# Yellowfin Tuna Tataki - (Dinner Tonight,Pics)



## Mylegsbig (Apr 26, 2007)

My newest fascination...Fish, Tataki style.

This was very simple.

Put the yellowfin in the freezer for 20 minutes so it would stay rare.

Seared the fish on high heat for 2 minutes a side

Made a citrus glaze

1 T Garlic
2 T Soy Sauce
2 T Rice Wine Vinegar
1 T Lemon Juice
1 T Orange Juice
1 T Red Curry Paste

Fry garlic in olive oil. add paste. fry.  add other liquid.  Cook till reduced to a glaze.
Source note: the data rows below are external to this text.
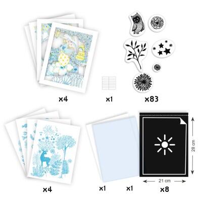Questa magica attività si ispira a un procedimento preso in prestito dalla fotografia: la cianotipia. Con dei motivi opachi il bambino crea dei decori su una carta fotosensibile. Dopo l’esposizione al sole la carta è contrassegnata da motivi in negativo. Bisogna solo risciacquare la carta in una vasca con acqua pulita e la decorazione si rivela su fondo blu! Queste creazioni diventano i fondi notturni che completano le illustrazioni di 4 quadri poetici.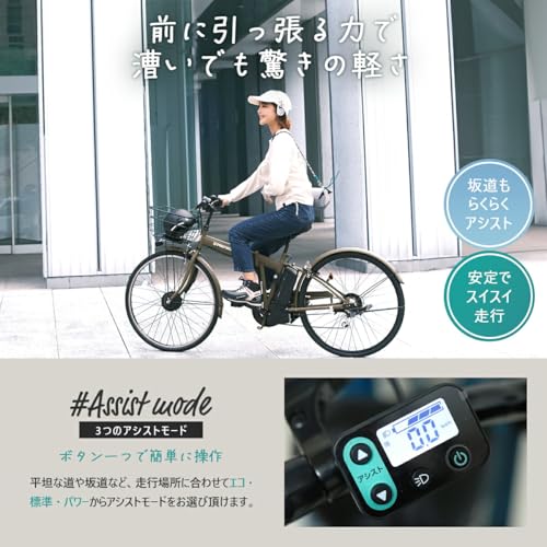 本モデルは電動アシスト自転車として、前輪駆動のアシストシステムとの組み合わせにより、よりスムーズで自然な走行感を目指しています。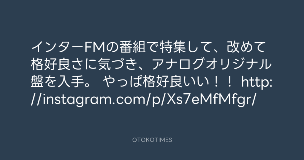 インターFMの番組で特集して、改めて格好良さに気づき、アナログオリジナル盤を入... -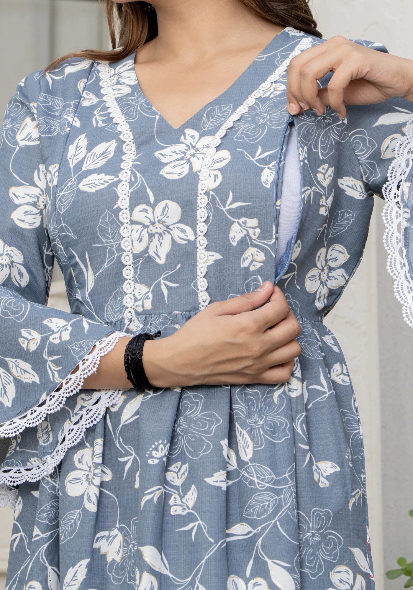 This Floral Printed Maternity Kurta and Pant Set Crafted from high-quality Cotton Blend fabric, providing optimal comfort throughout the day. Featuring both side concealed zips on the yoke and lace detailing all over. This set offers convenience and ease during maternity and nursing periods, allowing for effortless feeding access. The top is thoughtfully designed to accommodate the changing body shape, ensuring a flattering fit at every stage of pregnancy. Meanwhile, the drawstring waistband and one pocket on the pant provides adjustability and support.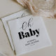 Moderne Babydusche-Party-Servietten mit schlichtem, weißem Hintergrund, dem Titel "oh baby" und einer eleganten Vorlage, die leicht zu personalisieren ist.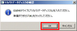 「リカバリデータディスク1」を取り出し、「リカバリデータディスク2」をセットして、「OK」ボタンをクリックします。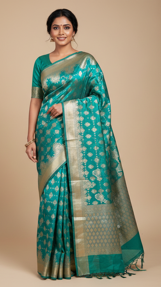 The “Aura” saree is a celebration of vibrant color and traditional craftsmanship. Set on a mesmerizing teal/sea green base, this saree features a luminous sheen that shifts beautifully with movement. The body is adorned with intricate gold floral “Buttis” (motifs), creating a rich, festive look that is perfect for celebratory occasions.

I had never tried tataki style fish until recently, now i'm hooked!


----------



## StirBlue (Apr 26, 2007)

Very pretty colors.  I always like your photography.  I am not as familiar with tuna as I should be.  Is tuna always pink after it is cooked like salmon?  Those veggies look good too.  Do they have some of the glaze on them?  It looks like you have some zucchini and squash with the broccoli.  Is that red bell pepper that I see?  Well you have a TNT meal there.  Thanks, now I can make one too.  Yum!


----------



## college_cook (Apr 26, 2007)

Did you sear your fish and  then cut out that filet from a larger one?  I only ask because you usually see the sides seared as well.  And what is Tataki style?


----------



## Mylegsbig (Apr 26, 2007)

"  Is tuna always pink after it is cooked like salmon?  "
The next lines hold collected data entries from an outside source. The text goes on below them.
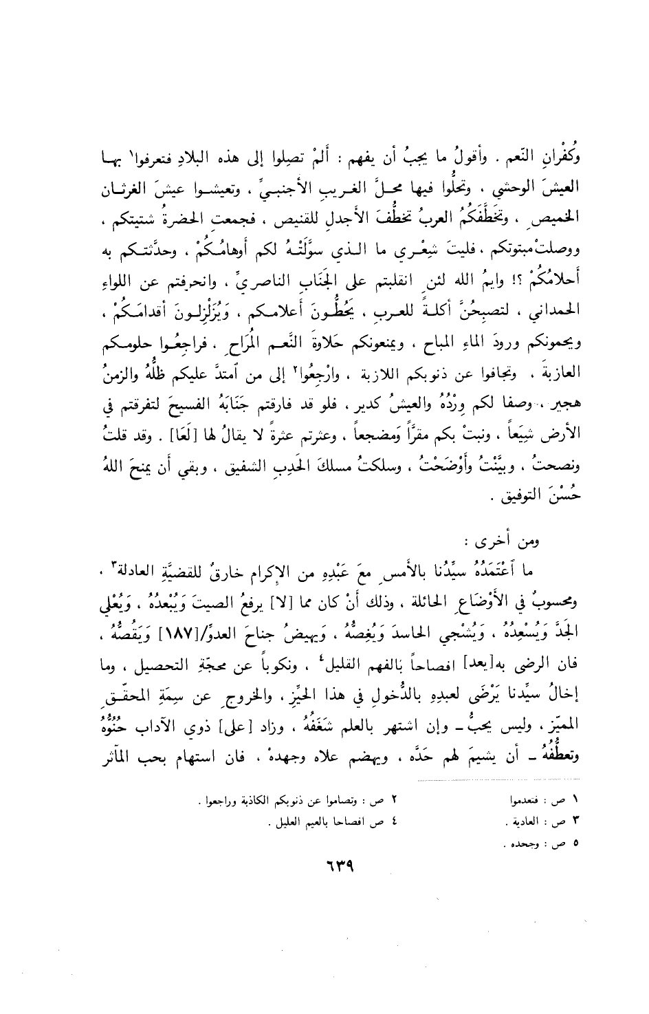 معلوم أن الزمان قد عادانا بعجابه (4) ، ونهشنا بأنيابه، وأدار علينا من صروف أحداثه كؤوساًن وجعل كل غريب لنا أنيساً، ولما خرج عن حكم العادة، وسلك في مولاي غير الجادة، وأودعه عوارف يضيق عنها باع الكتاب، وقذف إليه أقاصي خطوب الخطاب، علمنا أنه قد أصاب رشده، وأوجب حمده، وأطلع شمس النهار من مشرقها، ووضع تاج الرياسة على مفرقها.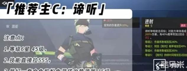 首先是对谛听的技能的养成,需要尽快养成到555,至少也要335,这样才能在打噩梦菲彼安中有强度,其次在重置炼之后,我们需要养第二个光暗主C,比如夜离、莉拉姆或者弥瑟亚,书生这边是夜离和莉拉姆,因为国服这时候可能还没有夜离,如果有的话,换成夜离也是非常好的,这三个光暗主C 都能用很久,泛用性很广。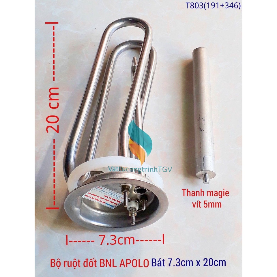 Bộ ruột đốt Bình nóng lạnh APOLO bát tròn 7.3cm x 20cm + Thanh magie 5mm(191+346)

tuna is greyish when cooked as far as i know, the inside of that fish is pretty much raw(tataki) so it's gonna be pinkish/reddish

the veggies were stir fried then added a sauce of soy sauce, rice wine vinegar, lemon juice, and red curry paste

thank you btw!

college cook,

I cut the filet in half, one for me and one for my wife

tataki style is seared on the outside and rare in the middle


----------